Over the weekend, it became ever clearer that this president and his government were now as unpopular as any rulers have been in 74 years of self-rule.

In the past weeks even the Rajapaksas' most ardent supporters had abandoned them, and the cabinet has gradually come undone, while their own coalition members railed against the family. Television channels that had helped bring the Rajapaksas back to power cooled rapidly on the rulers once the public's anger had become unmistakable. Corporate partners and influencers have also more recently jumped ship.

On Sunday, the president's own nephew Namal Rajapaksa, a high-ranking member of the government and the next prospective leader on the family roster, tweeted his objection to the "blocking of social media" by his uncle.

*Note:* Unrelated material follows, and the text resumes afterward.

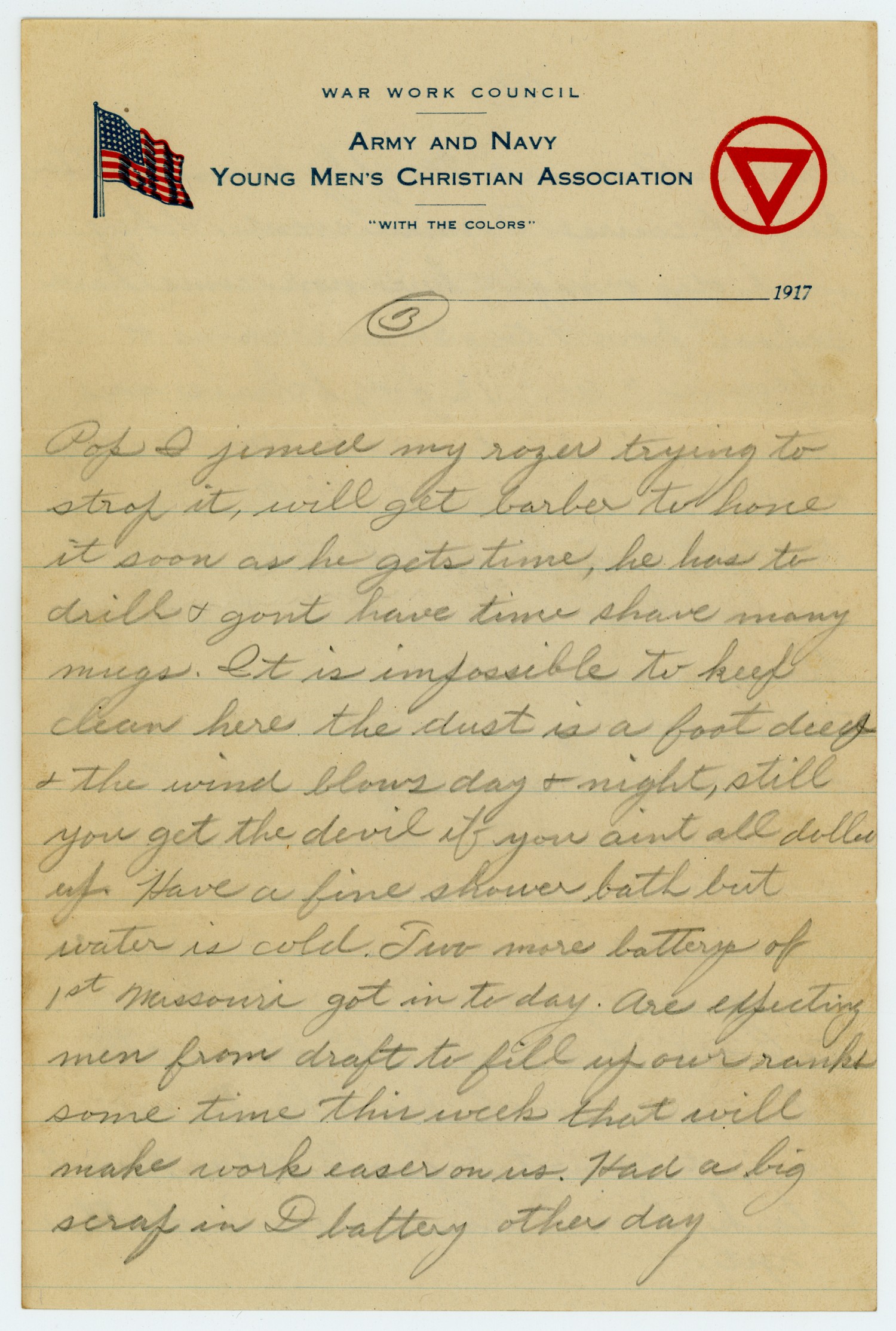 [page 3] Pop I jimed my razer trying to strop it, will get barber to hone it soon as he gets time, he has to drill & gont have time shave many mugs. It is impossible to keep clean here the dust is a foot deep & the wind blows day & night, still you get the devil if you aint all dolled up. Have a fine shower bath but water is cold. Two more batterys of 1st Missouri got in to day. Are expecting men from draft to fill up our ranks some time this week that will make work easer on us. Had a big scrap in D battery other day

He is the state minister of digital technology, so his taking to social media to voice his displeasure was merely an attempt to pit himself as one of the more reasonable members of the clan.

But the mere fact that breaking rank was now politically expedient revealed the depths to which the Rajapaksas' stock, which seemed to be at an all-time high a mere two years ago when their party won a two-thirds majority in parliament, had plunged.

How this profoundly disliked president and government can fall unless they themselves resign, is unclear. The government still commands a majority in parliament, so the prospect of a no-confidence motion appears slim for now. The primary opposition party appears weak, and unwilling to pursue such a course, in any case. For all this public displeasure, the opposition has not presented a concrete plan to end the crisis.

It is only in the public's continuing rage at the Rajapaksas' crippling of the economy that some little hope springs.

On Sunday, in defiance of the curfew and the State of Emergency that grants extraordinary powers to police and the military, dozens of protests erupted in Sri Lanka's urban centres. The thousands-strong demonstrations were shared widely on social media, which had by now been unblocked following substantial pressure.

Whether this is a moment of genuine transformation or another cycle of Sri Lanka's self-destructive vortex depends largely on the Sinhalese majority. Have they taken on the lessons of this presidency? Or are momentarily shelving their anti-minority sentiments while bigger crises abound? Have they learned that the weapons of a heavily militarised state could just as quickly turn against them? That there exists a limit at which they too become objects of the state's violent disdain, rather than the horses on which strongman leaders ride to such unyielding power?

There is no telling how this will end.

Even the Rajapaksas' once-adoring southern supporters were so inflamed on Monday that they stormed the barricades outside the family's ancestral home in Tangalle. The president responded to nationwide calls for his removal by merely reshuffling his cabinet - a response so laughable that it may turn out to essentially be an act of escalation.

There is despair in Sri Lanka. There is hunger. The nation continues to wrestle with hours-long power cuts in suffocating heat, not knowing which direction its restless rage will spiral.